■ **Work required**:
Write the listing out again word for word, skipping each picture.

■ **Source material**:

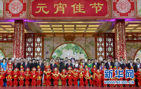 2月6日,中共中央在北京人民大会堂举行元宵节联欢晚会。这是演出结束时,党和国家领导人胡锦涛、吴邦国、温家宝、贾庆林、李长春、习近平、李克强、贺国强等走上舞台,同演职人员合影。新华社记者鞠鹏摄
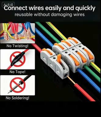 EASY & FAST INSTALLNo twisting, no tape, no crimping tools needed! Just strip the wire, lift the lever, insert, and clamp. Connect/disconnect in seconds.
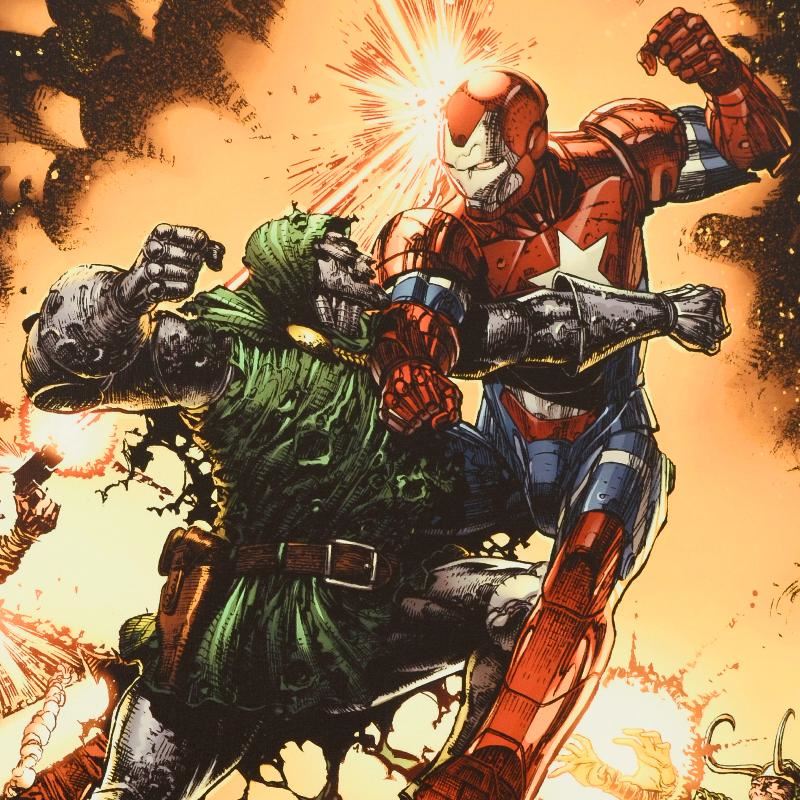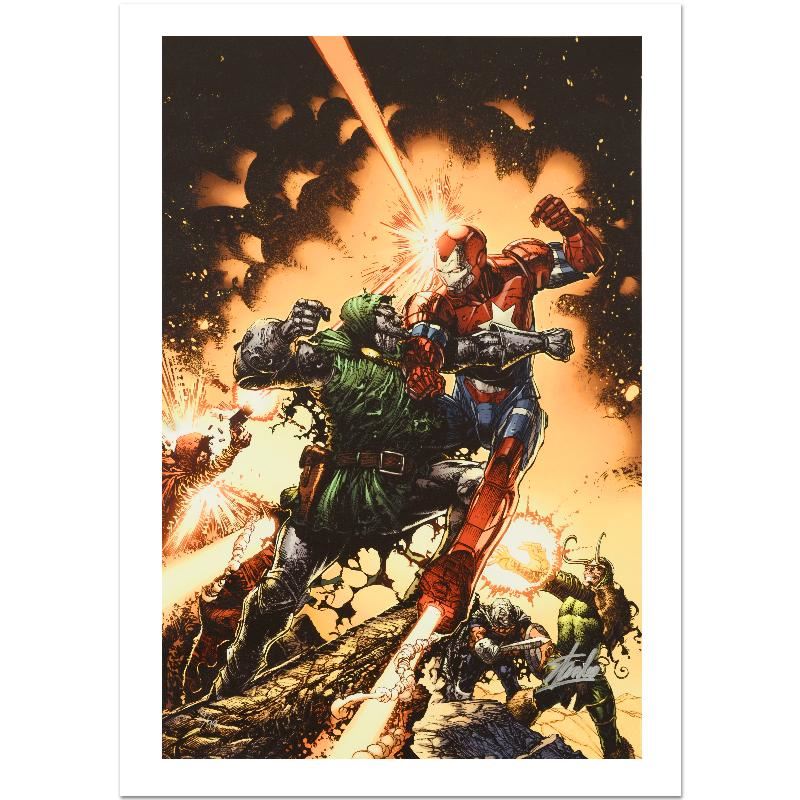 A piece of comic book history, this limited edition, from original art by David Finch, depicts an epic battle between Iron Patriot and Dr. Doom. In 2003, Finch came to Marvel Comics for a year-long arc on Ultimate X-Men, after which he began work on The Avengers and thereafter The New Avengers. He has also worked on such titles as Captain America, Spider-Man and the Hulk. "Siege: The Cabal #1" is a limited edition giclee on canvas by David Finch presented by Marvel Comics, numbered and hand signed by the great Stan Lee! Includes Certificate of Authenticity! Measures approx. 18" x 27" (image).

■ **Solution for this problem**:
 2月6日,中共中央在北京人民大会堂举行元宵节联欢晚会。这是演出结束时,党和国家领导人胡锦涛、吴邦国、温家宝、贾庆林、李长春、习近平、李克强、贺国强等走上舞台,同演职人员合影。新华社记者鞠鹏摄
 EASY & FAST INSTALLNo twisting, no tape, no crimping tools needed! Just strip the wire, lift the lever, insert, and clamp. Connect/disconnect in seconds.
 A piece of comic book history, this limited edition, from original art by David Finch, depicts an epic battle between Iron Patriot and Dr. Doom. In 2003, Finch came to Marvel Comics for a year-long arc on Ultimate X-Men, after which he began work on The Avengers and thereafter The New Avengers. He has also worked on such titles as Captain America, Spider-Man and the Hulk. "Siege: The Cabal #1" is a limited edition giclee on canvas by David Finch presented by Marvel Comics, numbered and hand signed by the great Stan Lee! Includes Certificate of Authenticity! Measures approx. 18" x 27" (image).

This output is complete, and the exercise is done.